(Assignment)
Would you please transcribe the listing exactly, with no images?
*** Opening Data section ***
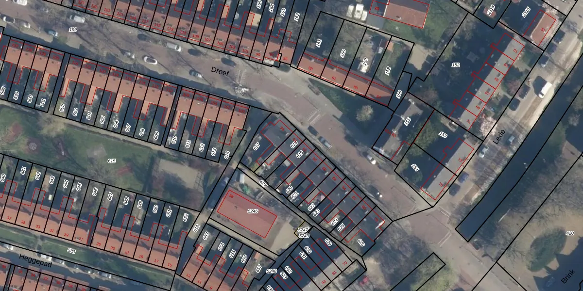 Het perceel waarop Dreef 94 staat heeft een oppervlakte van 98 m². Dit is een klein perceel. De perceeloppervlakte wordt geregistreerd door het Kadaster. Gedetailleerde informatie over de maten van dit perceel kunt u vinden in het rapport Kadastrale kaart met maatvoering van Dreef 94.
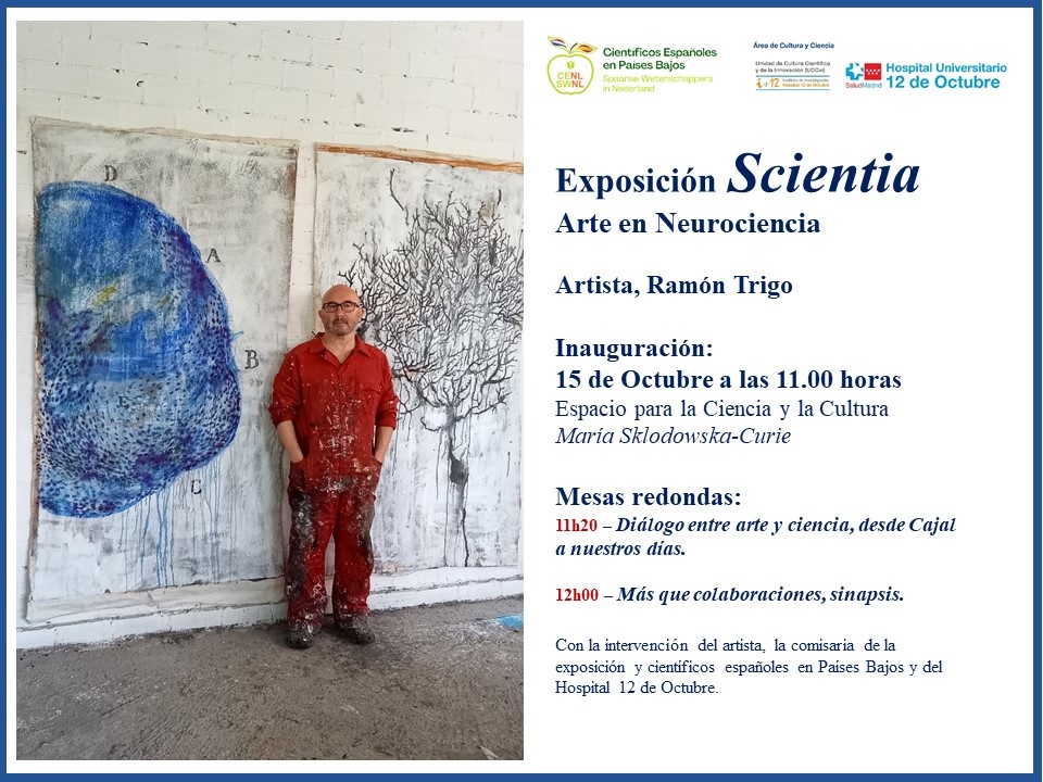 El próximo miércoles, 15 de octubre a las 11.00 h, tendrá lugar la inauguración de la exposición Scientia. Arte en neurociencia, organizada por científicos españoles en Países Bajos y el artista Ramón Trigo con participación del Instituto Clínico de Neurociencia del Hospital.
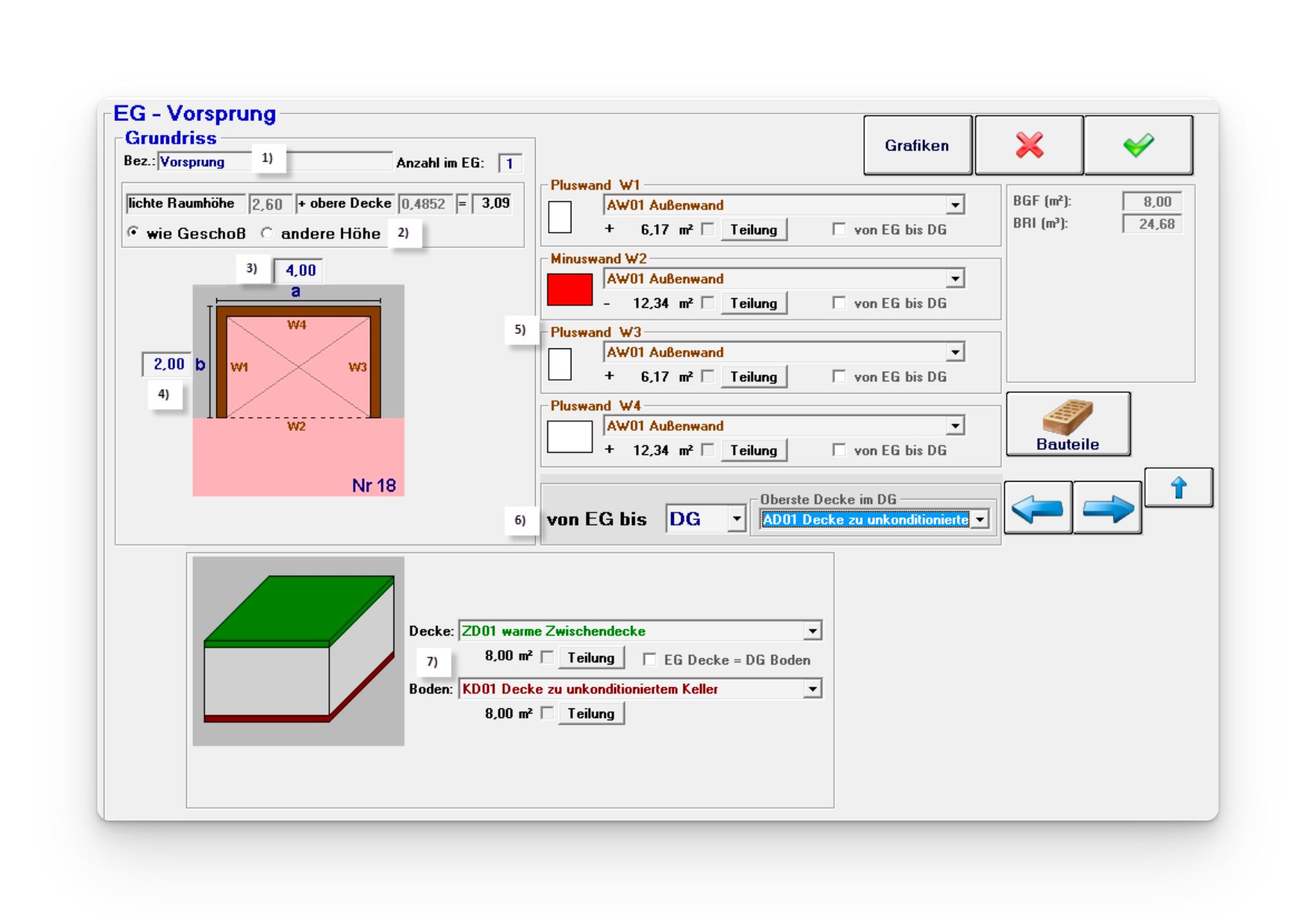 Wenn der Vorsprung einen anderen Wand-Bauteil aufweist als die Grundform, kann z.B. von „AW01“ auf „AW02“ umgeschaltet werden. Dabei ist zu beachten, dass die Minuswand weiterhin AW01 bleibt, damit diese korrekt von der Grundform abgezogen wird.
*** Closing Data section ***
(Exercise answer)
 Het perceel waarop Dreef 94 staat heeft een oppervlakte van 98 m². Dit is een klein perceel. De perceeloppervlakte wordt geregistreerd door het Kadaster. Gedetailleerde informatie over de maten van dit perceel kunt u vinden in het rapport Kadastrale kaart met maatvoering van Dreef 94.
 El próximo miércoles, 15 de octubre a las 11.00 h, tendrá lugar la inauguración de la exposición Scientia. Arte en neurociencia, organizada por científicos españoles en Países Bajos y el artista Ramón Trigo con participación del Instituto Clínico de Neurociencia del Hospital.
 Wenn der Vorsprung einen anderen Wand-Bauteil aufweist als die Grundform, kann z.B. von „AW01“ auf „AW02“ umgeschaltet werden. Dabei ist zu beachten, dass die Minuswand weiterhin AW01 bleibt, damit diese korrekt von der Grundform abgezogen wird.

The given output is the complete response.